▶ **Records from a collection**
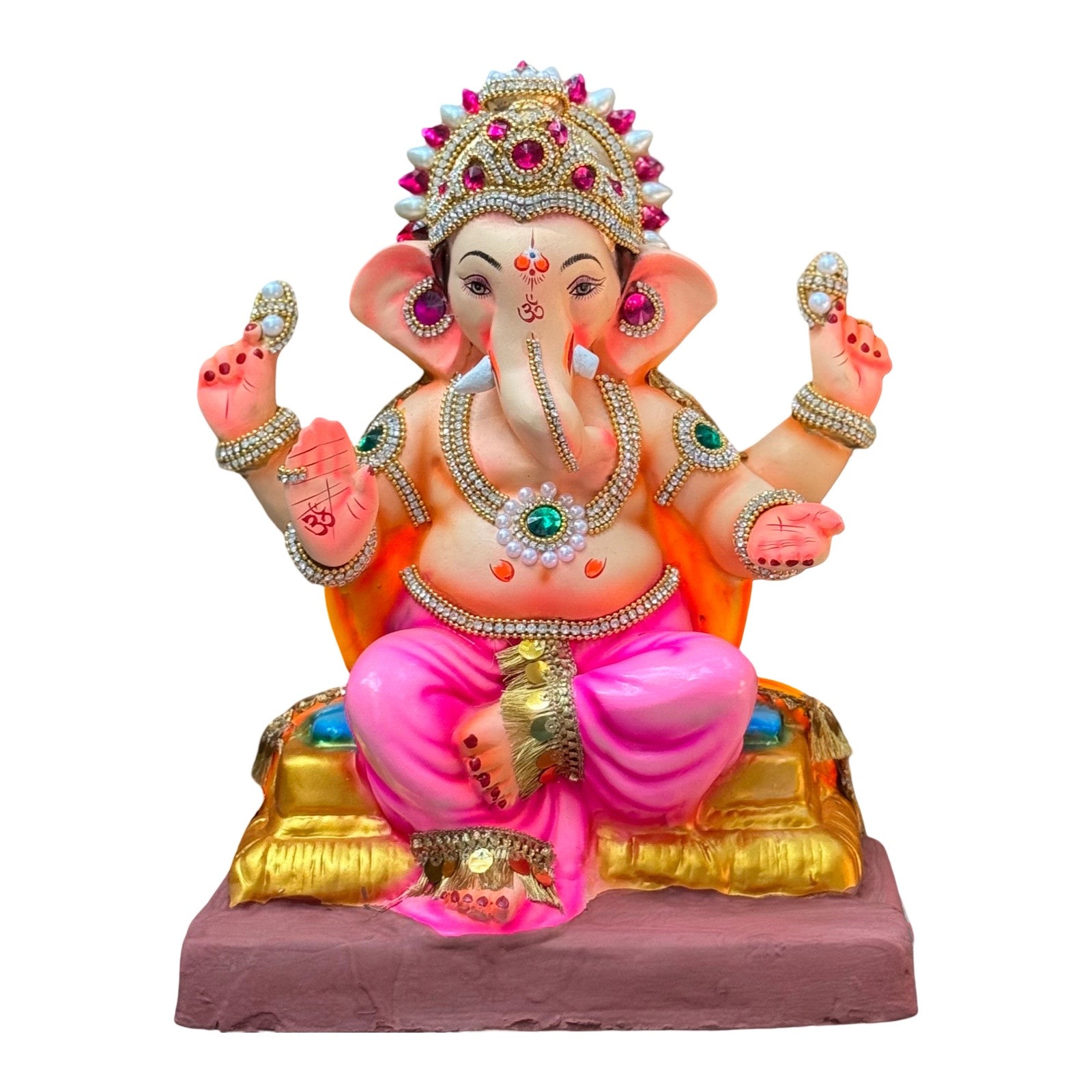 Our paper mache Ganesh idols are perfect for home immersion as they dissolve completely within 72 hours, causing no harm to marine life. With a 2-feet paper mache idol weighing only about 8 kg (compared to over 30 kg for clay idols), they are easy to courier across India and abroad, making them ideal for families celebrating Ganesh Chaturthi globally.
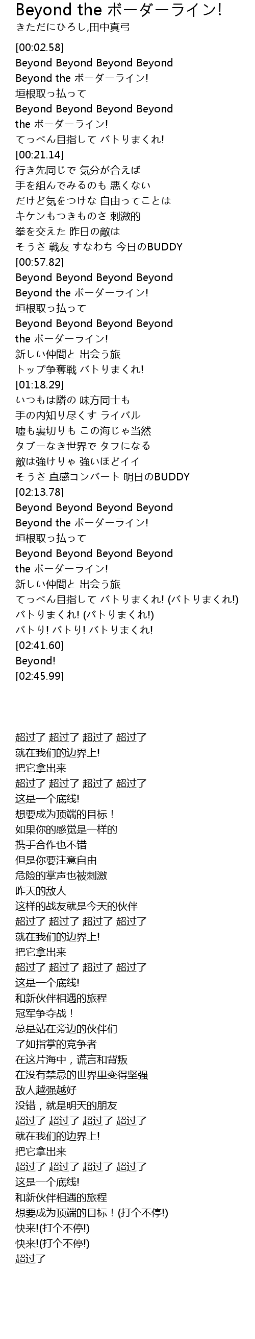 | [02:17.78] | Beyond the ボーダーライン! |
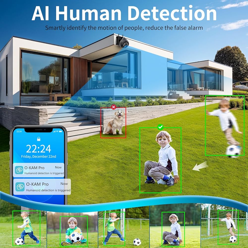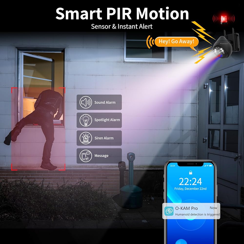 【Detection Area & Voice Floodlights Alarm】Detection Area & Voice Floodlights Alarm】When creating a Detection Area, you can set up detection lines to warn visitors before they enter. You can also record your own alarm sound that will automatically sound when the camera detects an intrusion. The alarm message will be sent to you via O-kam APP.
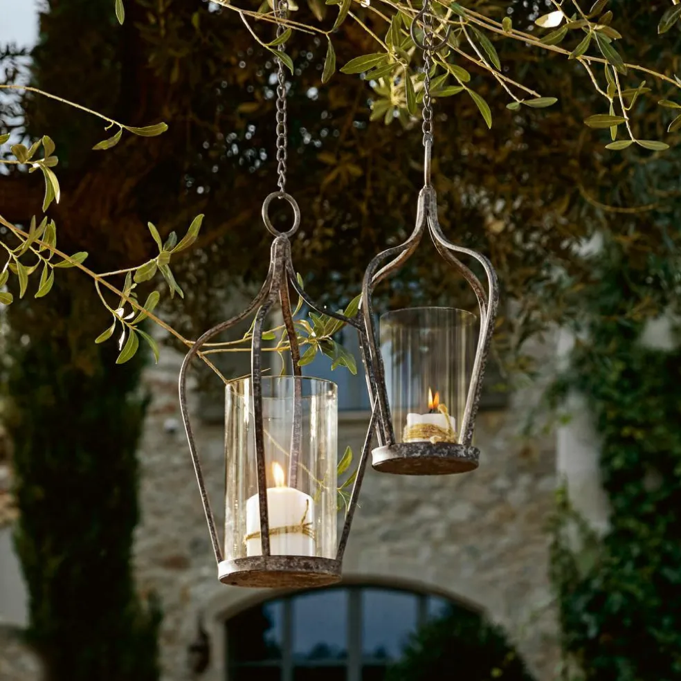 Selbst einem kleinen Teelicht verleiht diese Hängelaterne einen stilvollen Auftritt. Bringt sie doch auf subtile Weise zwei Materialwelten zusammen und erzeugt dabei ganz viel Sinnlichkeit. Den Rahmen bildet ein elegant geschwungenes Gestell aus geschmiedetem Eisen, das durch das antike Finish den gewünschten Nostalgie-Charme unterstreicht. In der Mitte ist ein rundes Glasgefäß gesetzt, das für die Bestückung mit einer Kerze auch abnehmbar ist. Getragen wird das Ganze von einer Eisen-Gliederkette, die sich durch einen Haken problemlos aufhängen lässt. Lassen Sie sich verzaubern von diesen stimmungsvollen Accessoires, die sich mit dem Boho-Chic, Vintage-Stil oder Landhaus-Look bestens vertragen. In zwei unterschiedlichen Größen verbreiten sie viel Flair im Wohnbereich oder auf der Terrasse. Zelebrieren Sie hier jenen kostbaren Moment, wenn der Tag sich dem Ende neigt – also Laternen zum Leuchten bringen, gemütlich auf die Lounge legen und bei einem Glas Wein den Sonnenuntergang genießen.
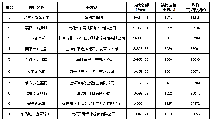 附:上海區(qū)域房地產(chǎn)項(xiàng)目一周銷售數(shù)據(jù)(2016年7月4日-7月10日)
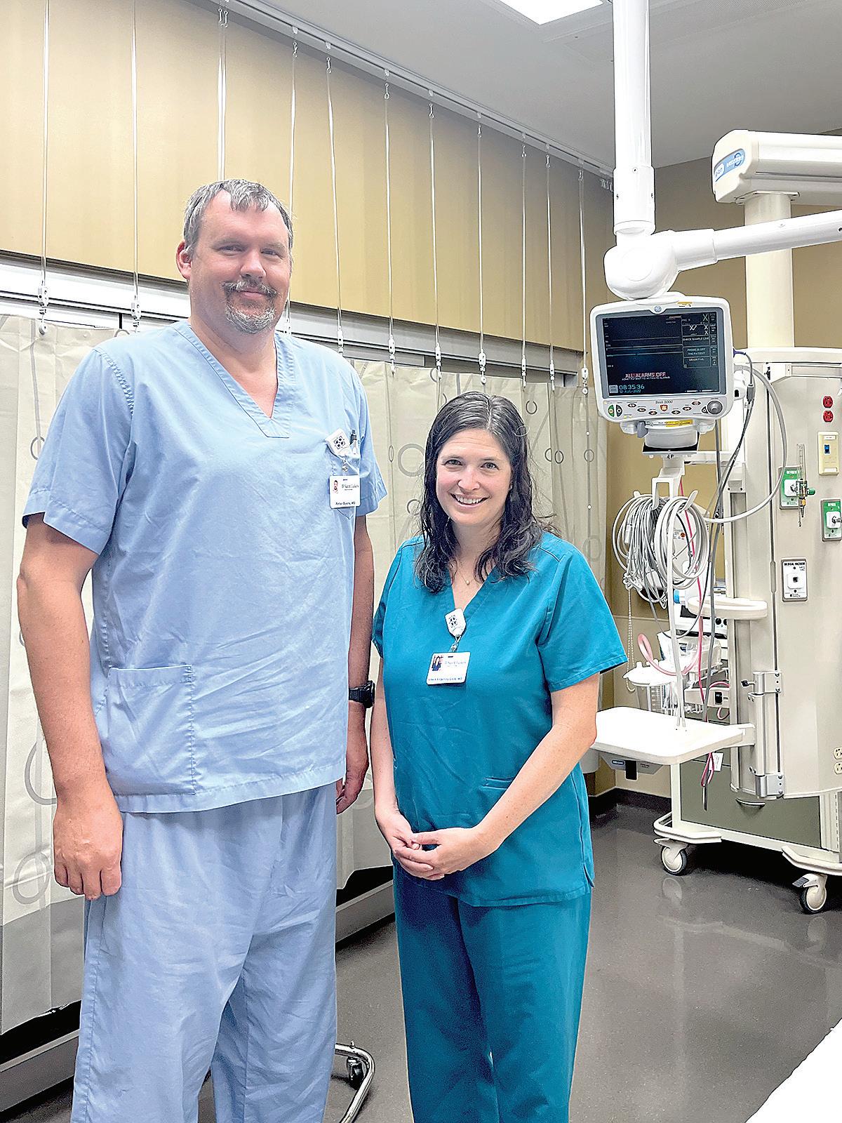 By VICKIE MOSS The Iola Register Goal is to keep patientsERhere Dr. Pete Byers, left, and Dr. Laura Edgerley-Gibb are leading emergency and critical care at Allen County Regional Hospital as part of the Innova Emergency Medical Associates, based in Denver. REGISTER/VICKIE MOSS Therese Yetzbacher, left, and Doug Northcutt of the Willis J. Ross Veterans of Foreign Wars Post No. 6324 in LaHarpe will host a public forum Friday for area military veterans, their spouses and caregivers to learn more about eligibility for VA benefits.
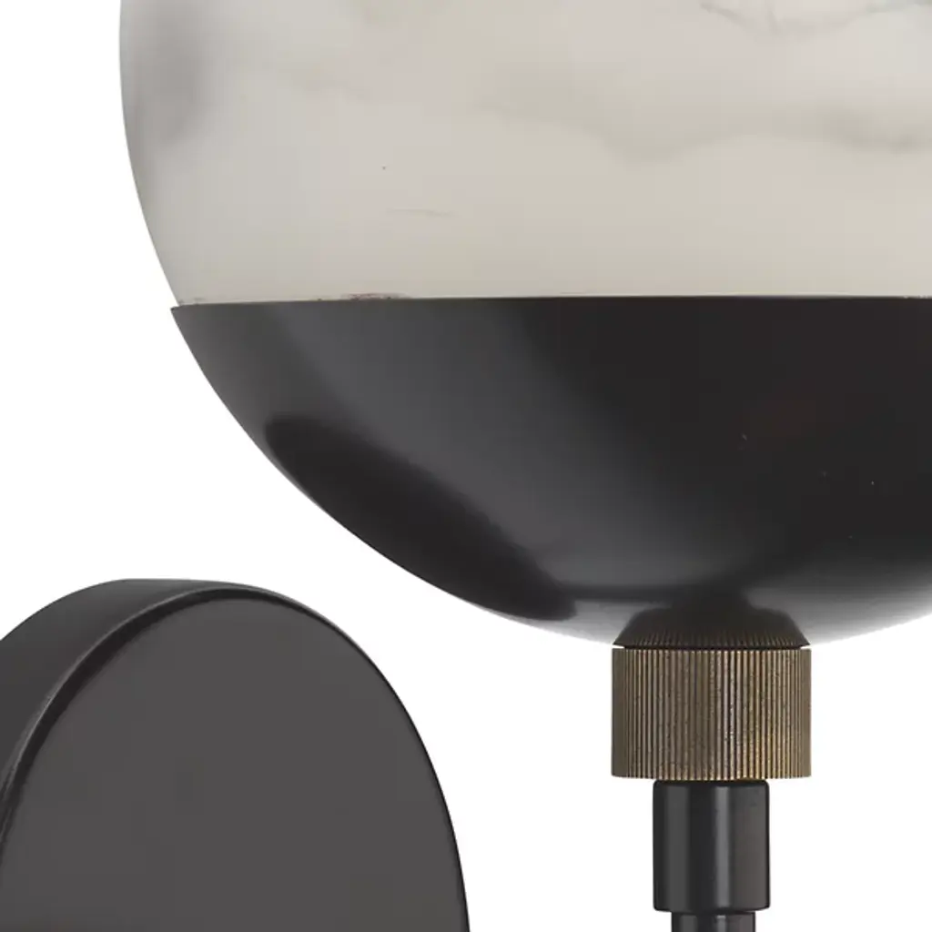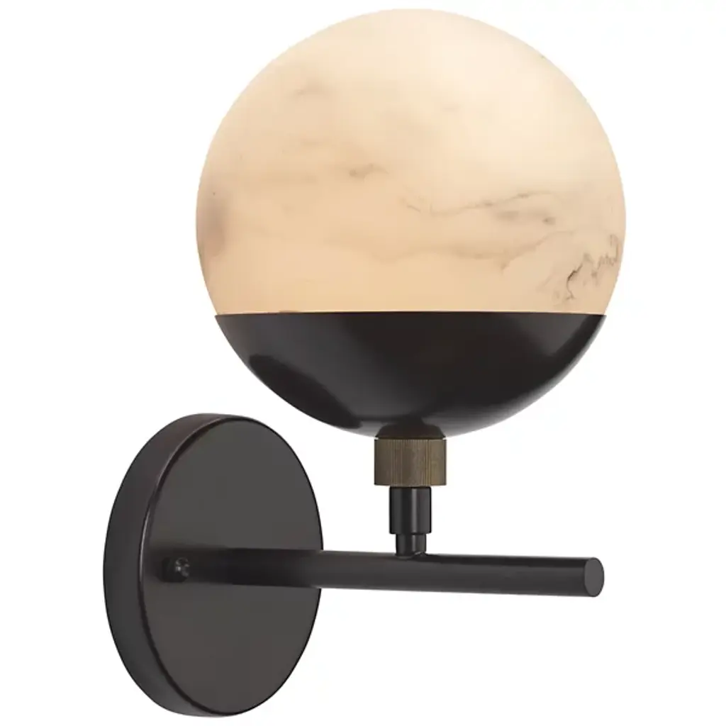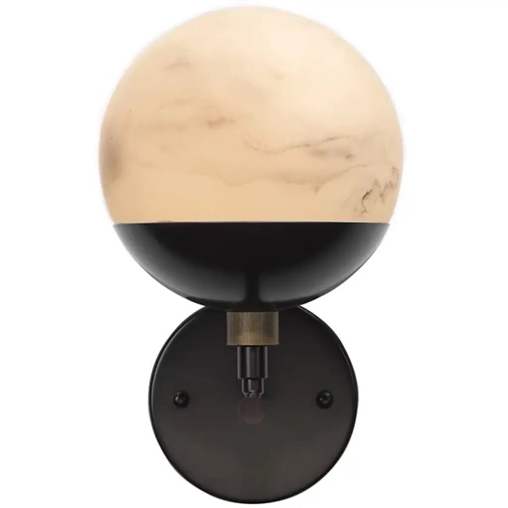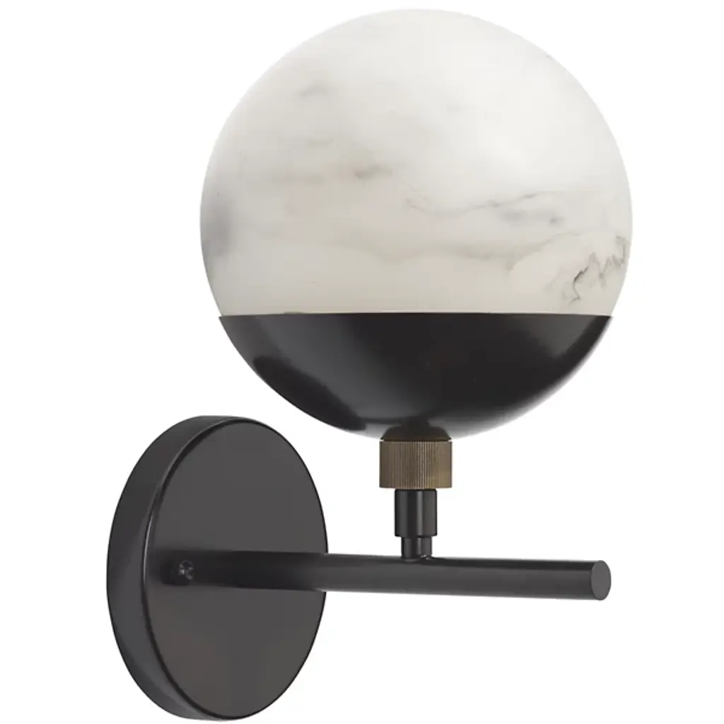 The Metro Wall Sconce from Jamie Young Co. extends a natural warmth with a retro character. Spherical faux alabaster shades that soften and diffuse the bulbs within are paired with gleaming metal bases and hardware in these clean-surfaced sconces. The mid-century inspiration is injected with a decidedly urban zest, while the delicate swirl patterns and veining of natural stone in each shade are recreated carefully by hand from high-quality resin unique to each fixture.

▶ **Exercise**
Write out each entry above once more, exactly as written, and drop the pictures.

▶ **Result**
 Our paper mache Ganesh idols are perfect for home immersion as they dissolve completely within 72 hours, causing no harm to marine life. With a 2-feet paper mache idol weighing only about 8 kg (compared to over 30 kg for clay idols), they are easy to courier across India and abroad, making them ideal for families celebrating Ganesh Chaturthi globally.
 | [02:17.78] | Beyond the ボーダーライン! |
 【Detection Area & Voice Floodlights Alarm】Detection Area & Voice Floodlights Alarm】When creating a Detection Area, you can set up detection lines to warn visitors before they enter. You can also record your own alarm sound that will automatically sound when the camera detects an intrusion. The alarm message will be sent to you via O-kam APP.
 Selbst einem kleinen Teelicht verleiht diese Hängelaterne einen stilvollen Auftritt. Bringt sie doch auf subtile Weise zwei Materialwelten zusammen und erzeugt dabei ganz viel Sinnlichkeit. Den Rahmen bildet ein elegant geschwungenes Gestell aus geschmiedetem Eisen, das durch das antike Finish den gewünschten Nostalgie-Charme unterstreicht. In der Mitte ist ein rundes Glasgefäß gesetzt, das für die Bestückung mit einer Kerze auch abnehmbar ist. Getragen wird das Ganze von einer Eisen-Gliederkette, die sich durch einen Haken problemlos aufhängen lässt. Lassen Sie sich verzaubern von diesen stimmungsvollen Accessoires, die sich mit dem Boho-Chic, Vintage-Stil oder Landhaus-Look bestens vertragen. In zwei unterschiedlichen Größen verbreiten sie viel Flair im Wohnbereich oder auf der Terrasse. Zelebrieren Sie hier jenen kostbaren Moment, wenn der Tag sich dem Ende neigt – also Laternen zum Leuchten bringen, gemütlich auf die Lounge legen und bei einem Glas Wein den Sonnenuntergang genießen.
 附:上海區(qū)域房地產(chǎn)項(xiàng)目一周銷售數(shù)據(jù)(2016年7月4日-7月10日)
 By VICKIE MOSS The Iola Register Goal is to keep patientsERhere Dr. Pete Byers, left, and Dr. Laura Edgerley-Gibb are leading emergency and critical care at Allen County Regional Hospital as part of the Innova Emergency Medical Associates, based in Denver. REGISTER/VICKIE MOSS Therese Yetzbacher, left, and Doug Northcutt of the Willis J. Ross Veterans of Foreign Wars Post No. 6324 in LaHarpe will host a public forum Friday for area military veterans, their spouses and caregivers to learn more about eligibility for VA benefits.
 The Metro Wall Sconce from Jamie Young Co. extends a natural warmth with a retro character. Spherical faux alabaster shades that soften and diffuse the bulbs within are paired with gleaming metal bases and hardware in these clean-surfaced sconces. The mid-century inspiration is injected with a decidedly urban zest, while the delicate swirl patterns and veining of natural stone in each shade are recreated carefully by hand from high-quality resin unique to each fixture.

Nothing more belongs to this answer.